Consumer desire for unnecessary features has encouraged the development of insecure and unreliable software products, said Tenable Network Security CSO Marcus Ranum, during a debate on Wednesday about software liability at the RSA security conference in San Francisco.
Ranum's discussion partner, British Telecommunications' chief technology security officer and renowned cryptographer Bruce Schneier, however argued that introducing liability for software vendors will give them an incentive to build software with security in mind.
Right now consumers support the cost of unreliable software, Schneier said, adding that software vendors won't take security seriously until it's cheaper to do it than not to do it.
Liabilities are everything, because they change the economic incentives, Schneier said. Vendors shouldn't support all costs if something goes wrong because of their software, but they shouldn't get away without paying anything either, he said.
Schneier used the automotive and financial sectors as examples of industries where introducing liabilities has led to security improvements.
Cars got safer after courts decided to hold automotive manufactures responsible for serious defects and banks have implemented credit card security systems after they started being forced to reimburse customers for credit card fraud loses, he said.
We can't rely on the ability of consumers to reward the best vendor because pretty much all of them are bad and there aren't many options, Schneier said.
Ranum agreed, but said that this is because consumers already chose the mediocre and killed the companies that actually produced reliable software in the process.
"The invisible hand of the market has done its work.

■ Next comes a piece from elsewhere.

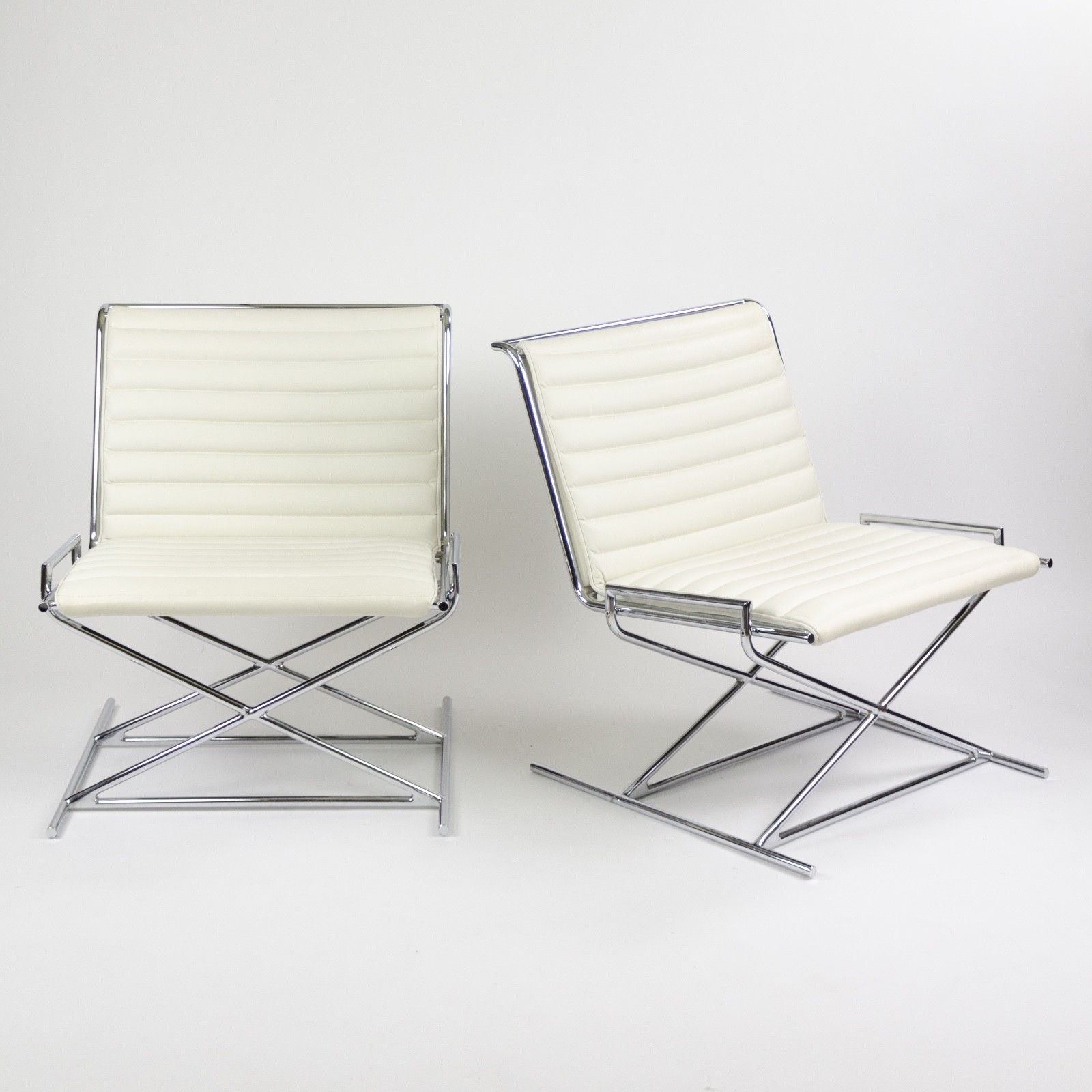Details About Pair Ward Bennett Sled Lounge Chairs By Geiger For Herman Miller White Leather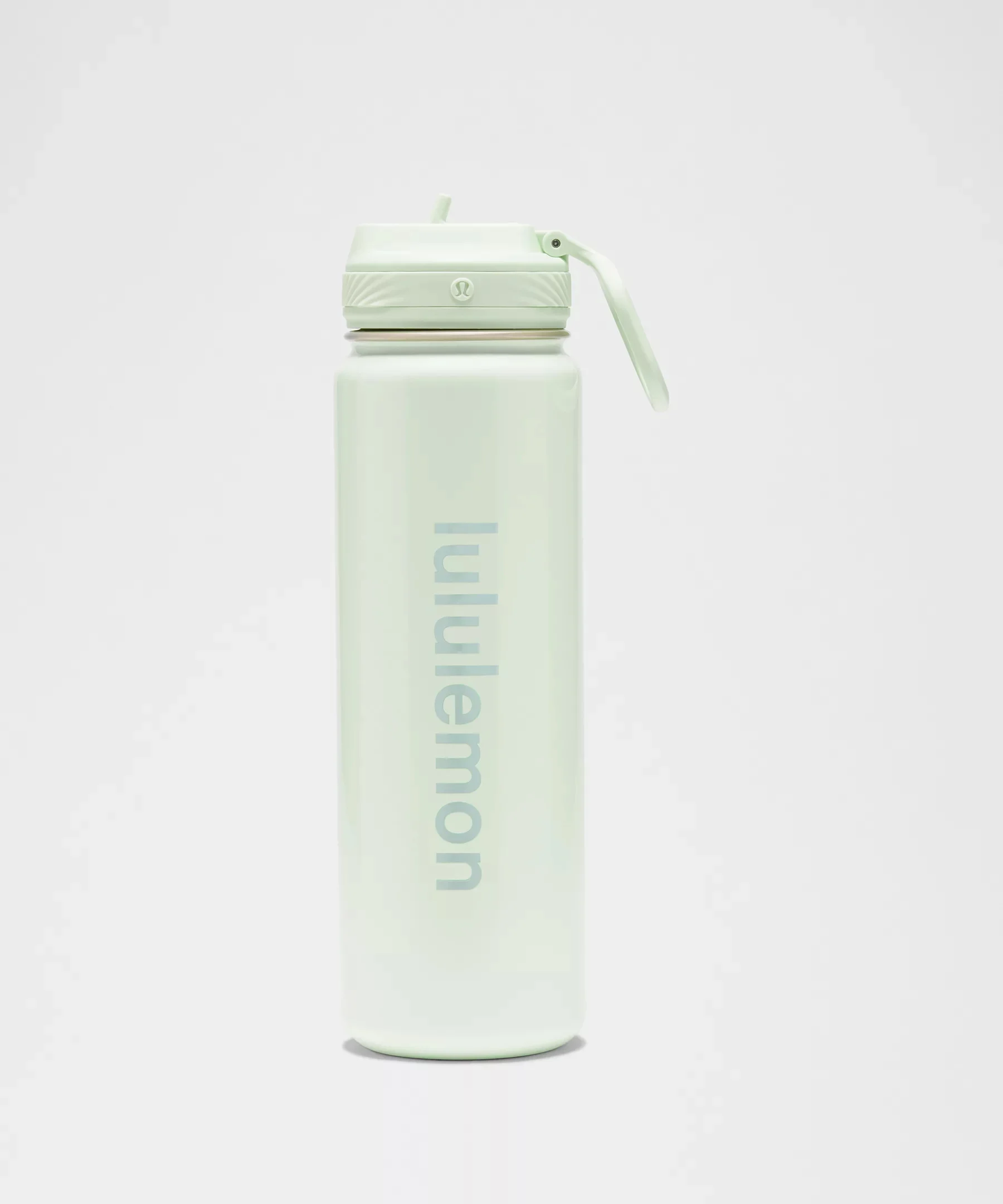 Designed for Casual Dimensions and Volume - Dimensions: 26.4cm x 7.7cm (10.4" x 3") - Volume: 24oz (710ml) Product Features - Folding straw lid for easy sipping - Double-wall design keeps bottle sweat-free - Vacuum insulation keeps drink ice cold - No-flavour transfer keeps contents tasting fresh - Care Instructions: Wash before use. Lid is dishwasher-safe on top rack only. Please hand wash the body of the bottle to preserve the finish. Do not fill with hot water - To deep clean the lid, remove the interior silicone ring and soak in a 2:1 solution of water and vinegar, or cleanse using dish soap. Do not use harsh chemicals like bleach or chlorine - To reassemble, press the ring back into the lid’s open cavity with the tab exposed. Ensure the ring is evenly pressed into the cavity before screwing the lid back on for a secure, leak-proof fit - Due to the nature of the finish, please use care when storing your bottle in bags or backpacks, and around sharp objects such as keys. Hand-wash only as finish may chip or peel in the dishwasher. Natural wear may occur over time Material and care Materials Body: 100% Steel - Band: 100% Silicone - Top: 100% Polypropylene Care Body - Hand Wash Only - Do Not Use with Hot Water - Lid - Dishwasher Top Rack - Wash Before Use

Dancing pigs is all we want," Ranum said, referring to the consumer's desire for new features rather than reliability, which is expressed by them buying new product versions that are not really necessary.
The solution is not mandating liability for software vendors, because this will benefit big companies who can afford to hire good lawyers and get away with paying less, Ranum said.
Determining the damage costs that result from the use of unreliable software is also very difficult to do. "How do we value how much it cost to get hacked?" Ranum asked.
The answer to forcing vendors to take security seriously lies with manipulating the market, he said. We need to stop buying software that's bad, keep using the one we already have and refuse to upgrade until the product is solid, Ranum said.
The issue of software liability is not new and it remains to be seen if governments will eventually step in with regulation or the market will react by refusing to buy bad products.
However, people on both sides of the barricade seems to agree that, for now, vendors have little, if any, incentive to invest in the development of secure software.